Was in Thailand zurückbleibt, ist eine höchst einseitig entwickelte, labile Wirtschaft und eine bis zum Zerreissen gespannte Gesellschaft voll extremer sozialer Gegensätze. Industriebetriebe, aus denen einzelne in- und ausländische Investoren in kürzester Zeit Höchstprofite herausholen wollten, waren in Windeseile hochgezogen worden, während die Infrastruktur - Transportmittel, Stromversorgung, Telekommunikation - vollkommen vernachlässigt wurde. Das tagtägliche Verkehrschaos in Bangkok ist davon nur der sichtbarste Ausdruck. Hunderttausende Menschen aus den ländlichen Gebieten sind auf der Suche nach Arbeit nach Bangkok gekommen. Die meisten sind jetzt arbeitslos oder haben nur eine geringfügige Beschäftigung. Andere sind gezwungen, als Hauspersonal oder Prostituierte zu arbeiten.

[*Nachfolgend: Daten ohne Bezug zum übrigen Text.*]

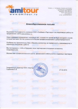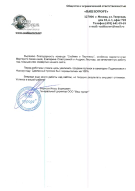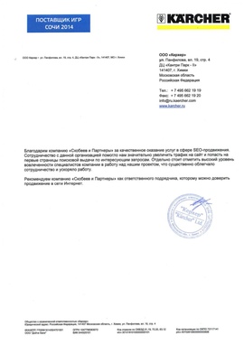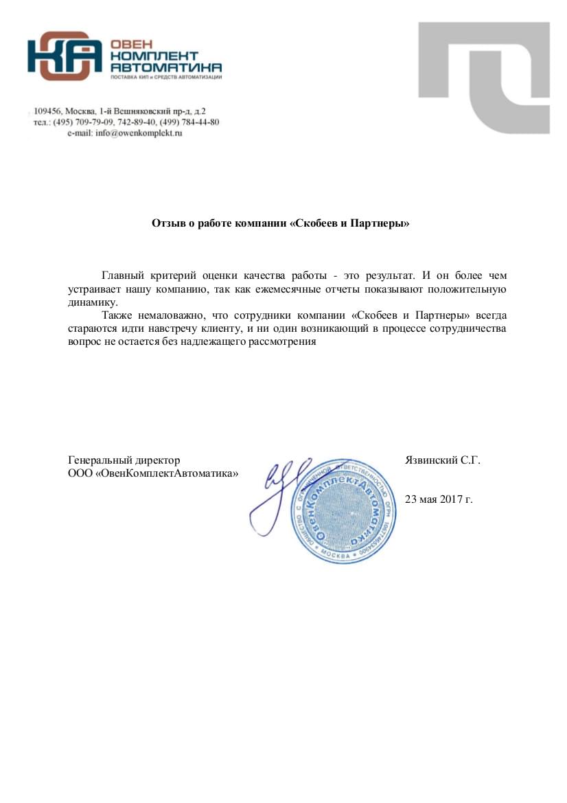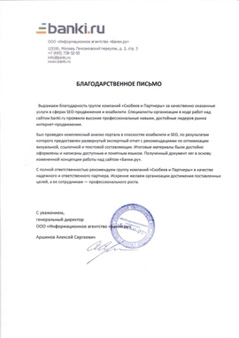 Хотели бы поблагодарить ООО "Скобеев и Партнеры" за качественно и в срок выполняемые работы по продвижению нашего сайта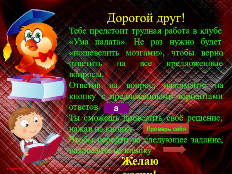 Ты сможешь проверить своё решение, нажав на кнопку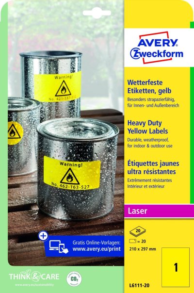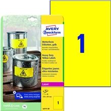Veľmi odolné etikety Avery, 210 x 297 mm, žlté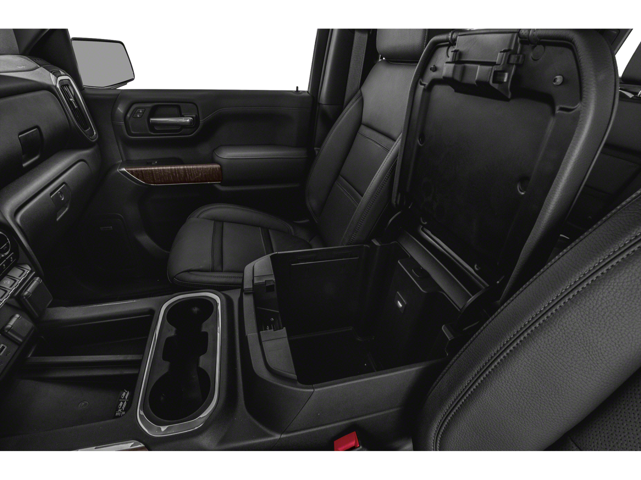 The pinnacle Denali trim outfits the Sierra with distinctive 22-inch bright machined aluminum wheels, all-season tires, and a bold chrome grille with signature LED lighting. Inside, you'll find premium perforated leather-appointed seating with heated and ventilated front rows, genuine open-pore wood trim, and a suede-like headliner. The spacious Crew Cab offers best-in-class rear legroom and innovative cargo solutions like the available MultiPro tailgate, along with dual-zone automatic climate control and a premium 8-speaker Bose premium audio system.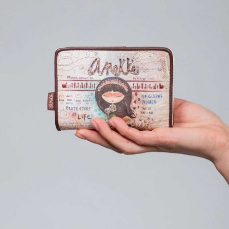Ce portefeuille fait partie de la collection Anekke Menire, un hommage aux collectifs de femmes indigènes d'Amazonie, qui se battent pour préserver leur environnement et leurs traditions. Le mot «menire» est le terme par lequel les femmes de la tribu Xikrin désignent les femmes indigènes de l'Amazonie.
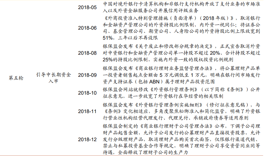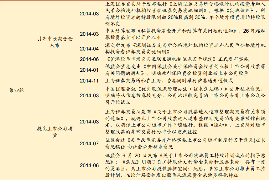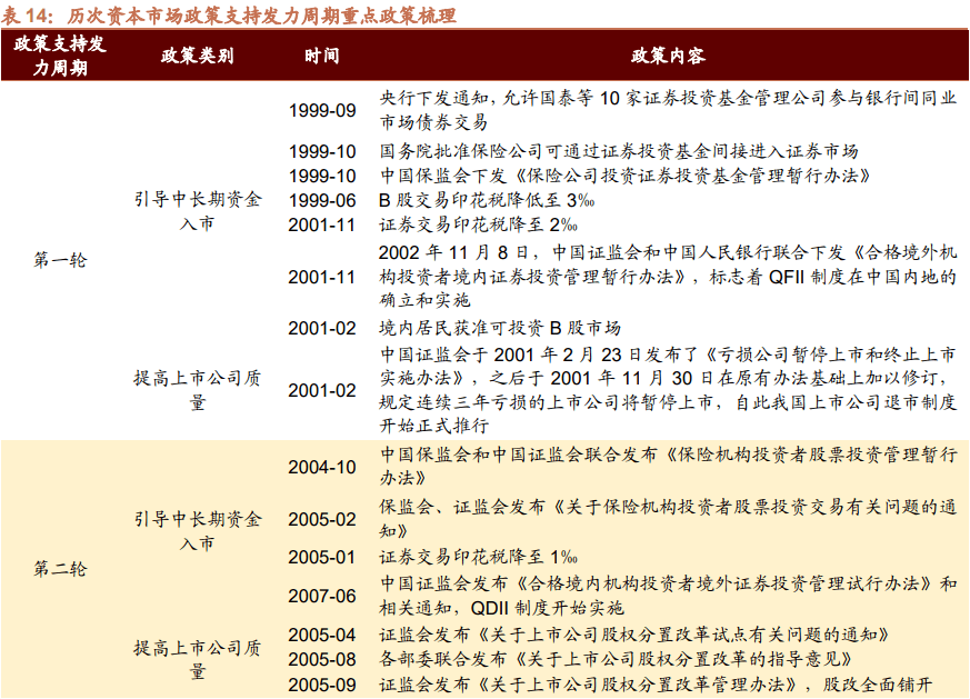 我们梳理了过往五轮政策支持发力周期的提振政策,发现政策重点主要集中在投资端的引导中长期资金入市以及融资端的提升上市公司质量上。具体来看,引导中长期资金入市的主要手段主要集中在1)调高保险等资金投资权益资产的比重;2)放宽外资投资限制;3)引入私募资金等;4)降低资金投资权益类产品投资门槛。针对提高上市公司质量的手段主要包括1)优化退市制度、2)优化回购制度、3)完善员工持股政策,辅助公司理顺经营机制等。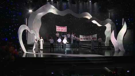 (VOV5) - Bức rèm thêu họa tiết Rồng do nghệ nhân Vũ Văn Giỏi thể hiện bằng kỹ thuật thêu tay cung đình vô cùng tinh xảo, được trang trí trên chiếc thuyền Kiệu Ofunehoko trong Lễ hội Gion - một trong những lễ hội lớn nhất Nhật Bản.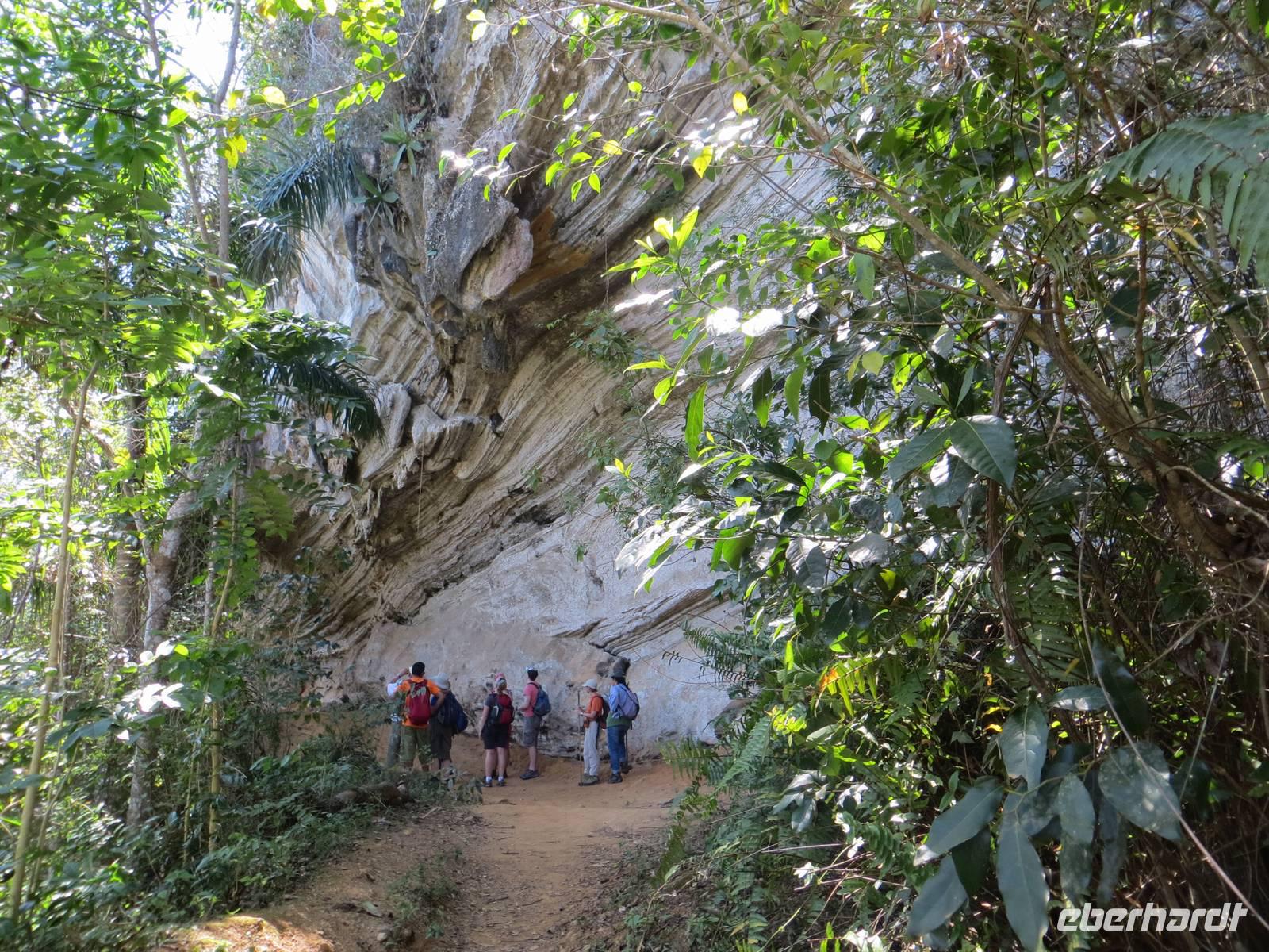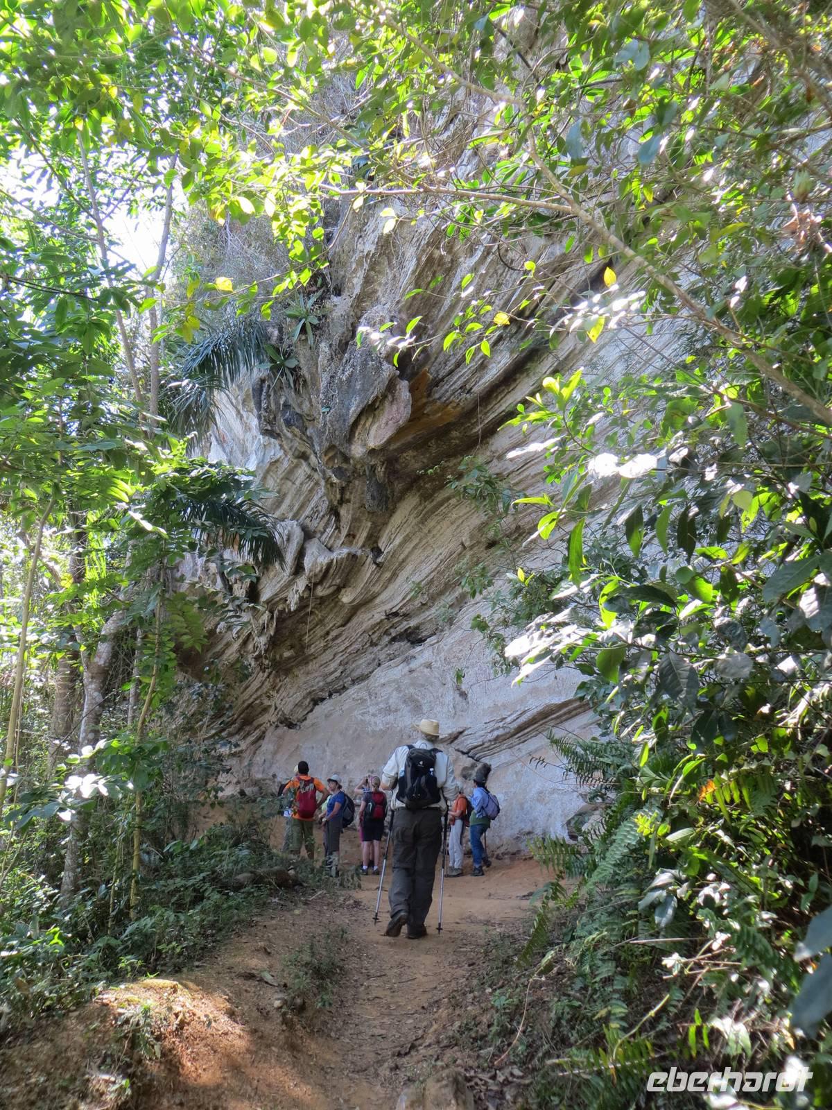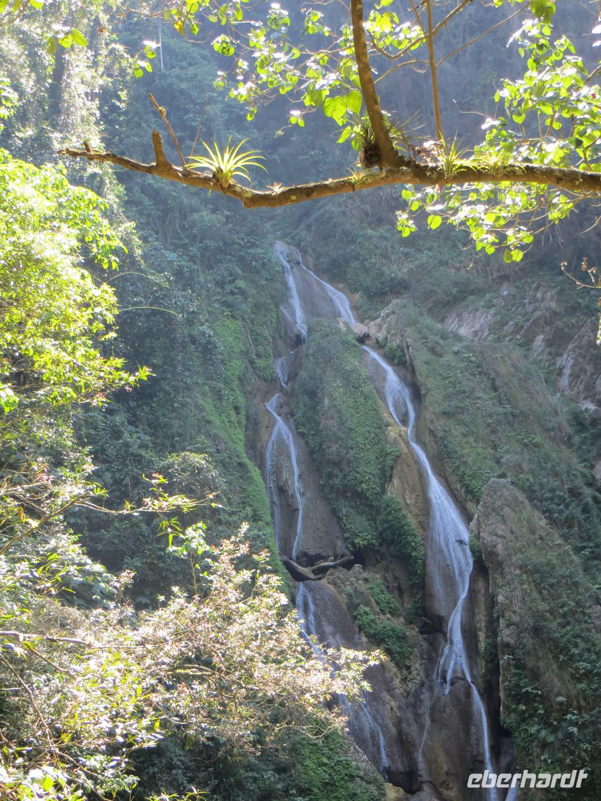 Ein aufregender Tag steht uns bevor. Die Topes de Collantes erheben sich aus der Sierra del Escambray uns sind die zweithöchste Bergkette Kubas. Mit einem umfunktionierten alten russichen LKW rasen wir die Rumpel-Bumpel-Straße hinauf bis zu einem Aussichtsturm, von dem man einen herrlichen Blick über die Bucht La Boca (der Mund) erhaschen kann. Es geht die holprige und kurvige Straße weiter bis zu einem Kurhotel. Es war als Heilanstalt für Tuberkulose bekannt gewesen. Die Ehefrau von Batista litt an dieser Krankheit und bewegte ihn dazu, dieses Sanatorium zu errichten. Es sei das beste Kurhotel für Mutter und Kind in ganz Latainamerika. Wir schmunzeln und denken uns, dass man hier im „Nirgendwo" nichts machen kann und gar keine andere Wahl hat, als gesund zu werden. Dann endlich beginnt unsere Wanderung in dem Ort Topes de Collantes. Wir treffen eine weitere deutsche Gruppe, die uns durch den Parque Cabruní begleitet. Amüsiert nehmen wir uns die ersten drei Kilometern bis zum ersten Wasserfall Salto Cabruní vor. Die anstrengenden Stufen den Berg hinauf werden mit einem schönen Blick auf den 62 Meter hohen kaskadenartigen Wasserfall belohnt. Er ergießt sich schließlich in ein Naturbecken und wir nehmen uns den Spaß, in dem kalten kristallklaren Wasser zu baden. Die nächsten drei Kilometer geht es bergab. Die steile Steigung bis zu 45% erfordern einige Konditionen. Um so erfreulicher ist dann der Anblick auf den zweiten und jetzt fast noch schöneren Wasserfall Salto de Vegas Grande. Schleierförmig stürzt das Wasser aus einer Höhe von 156 Metern hinab. Nach dem zweiten Badespaß gehen wir die letzten drei Kilometer an. Das Baden lässt unser Mägen knurren und wir freuen uns auf eine Schokoladentorte am Ende der Wanderung. Mit viel Ausdauer schaffen wir unseren leicht anspruchsvollen Fußmarsch durch den kubanischen Dschungel vorbei an Mahagoni-Bäumen, Riesenbambus und einige Bäche.
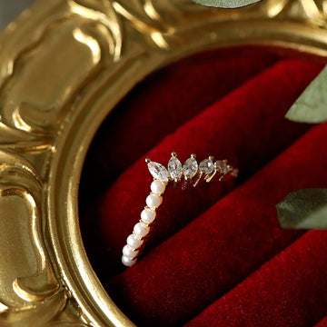 Feel like royalty with this 925 Sterling Silver Exquisite Crown Ring Half Zircon Half Pearl...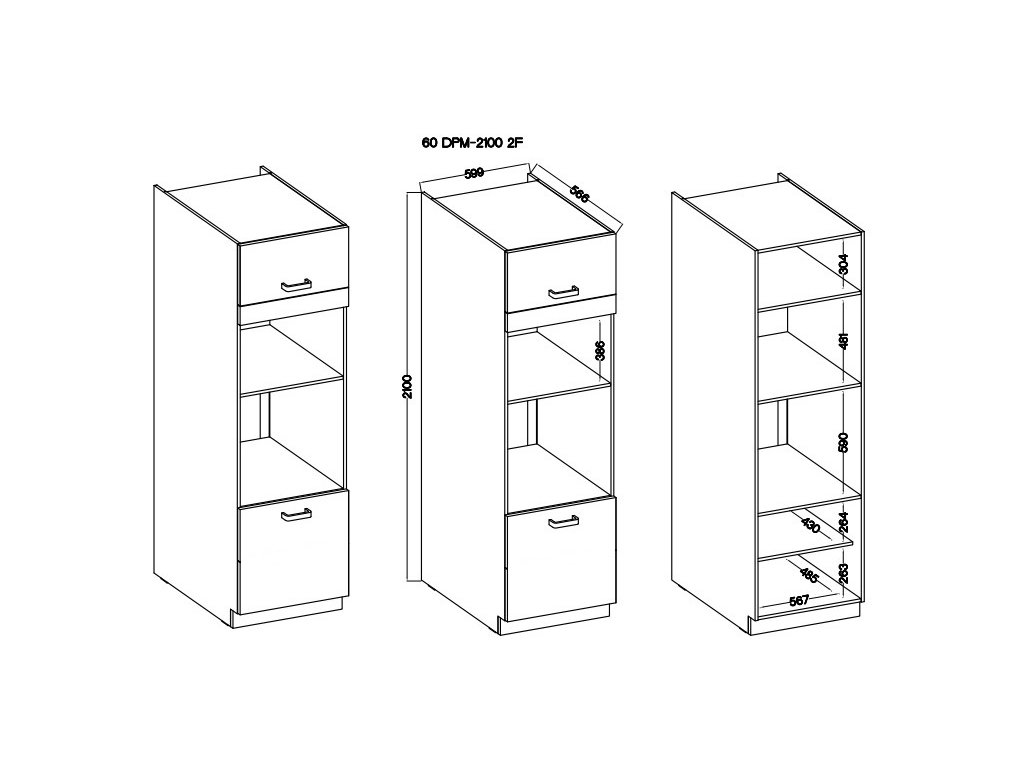 Kuchyňská skříňka Vigo bílý lesk - 60 DPM-210 2F sloupek se zabudovanou troubou a mikrovlnkou, dvířka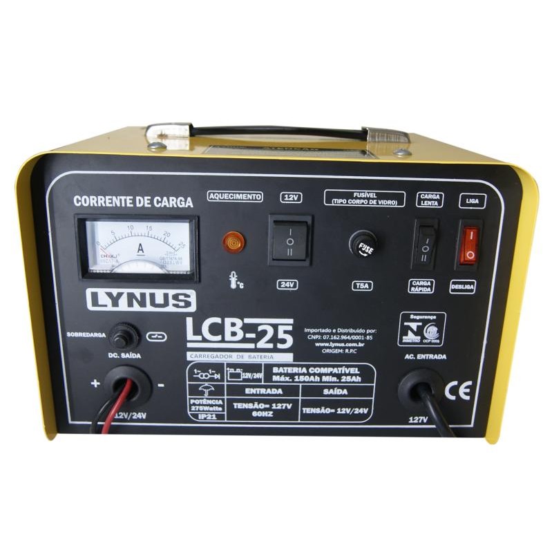 Indicado para carregar todos os tipos de baterias, o carregado de baterias LYNUS, possuí aviso luminoso de super aquecimento e fusível de entrada que proporciona maior grau de proteção aos usuários de nosso equipamento. Produto certificado conforme Portaria Inmetro n° 371/2009 por ABNT OCP 0005. DADOS TÉCNICOS Bateria compatível (Ah): 25-150 Classe de isolamento: H Grau de proteção: IP20 Códigos: 127V - 5388.4 Corrente nominal (A): 10 Peso (kgf): 5,6 Potência nominal de carga (W): 240/360 Tensão (V): 127 ou 220 Voltagem da carga (V): 12 / 24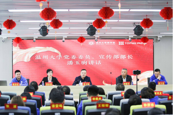 温州大学党委委员、宣传部部长潘玉驹致辞。他认为,此次直播人才培养基地暨思政直播间的推出,是“思政+业务”两轮驱动深度融合的产教融合、校企合作的创新之举,也是彩票平台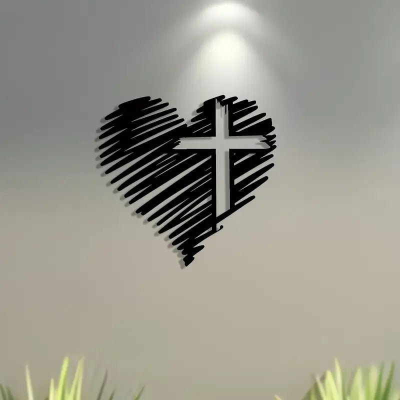 Heart With Jesus Cross - Christian Home Decal - Christmas Decoration

Die Arbeitsbedingungen der thailändischen Arbeiter wurden mit dem Brand in der Kader-Spielzeugfabrik bei Bangkok im Mai 1993 drastisch vor Augen geführt. 188 junge Arbeiterinnen starben im schlimmsten Fabrikbrand der Geschichte. Ein Gebäude stand in Flammen, das keine Feuerleitern, kein Sprinklersystem und keine funktionierenden Feuerlöscher besaß. Die Opfer hatten für internationale Unternehmen wie Hasbro und Toys 'R' Us gearbeitet und weniger als einen Dollar Stundenlohn erhalten.

In den ländlichen Gebieten im Norden und Nordosten sind die Lebensbedingungen noch schlimmer. Es mangelt den Bauern an Land, dafür fehlt es ihnen nicht an Schulden. Schwankende Warenpreise hindern sie an einer Rückzahlung ihrer Kredite und stoßen sie immer tiefer ins Elend. Ende Januar marschierten Zehntausende armer Bauern nach Bangkok, um gegen ihre unerträglichen Lebensbedingungen zu protestieren.

Die sozialen Spannungen in den Städten sind genauso scharf. Anfang des Jahres brannten protestierende Arbeiter ihre Fabrik nieder, als die Geschäftsleitung die üblichen jährlichen Prämien nicht zahlte. Sobald eine Vertiefung der Finanzkrise in Thailand zu weiteren Firmenzusammenbrüchen, höheren Zinsen und steigenden Preisen führt, wird dies katastrophale Auswirkungen auf den Lebensstandard der städtischen und ländlichen Massen haben.

Die gegenwärtige Finanzkrise Thailands wirft somit ein grelles Licht auf das "Wirtschaftswunder" in den sogenannten "Tigerländern" Asiens. Das internationale Kapital floß in Länder wie Thailand, um die Rohstoffvorkommen zu plündern und ein Maximum an Profiten aus den billigen Arbeitskräften herauszupressen. Weit davon entfernt, die Lebensbedingungen der arbeitenden Massen zu verbessern, wurden die Länder einfach ausgeblutet. Und nach getaner Arbeit wechseln die Investoren über Nacht in andere, lukrativere Gegenden.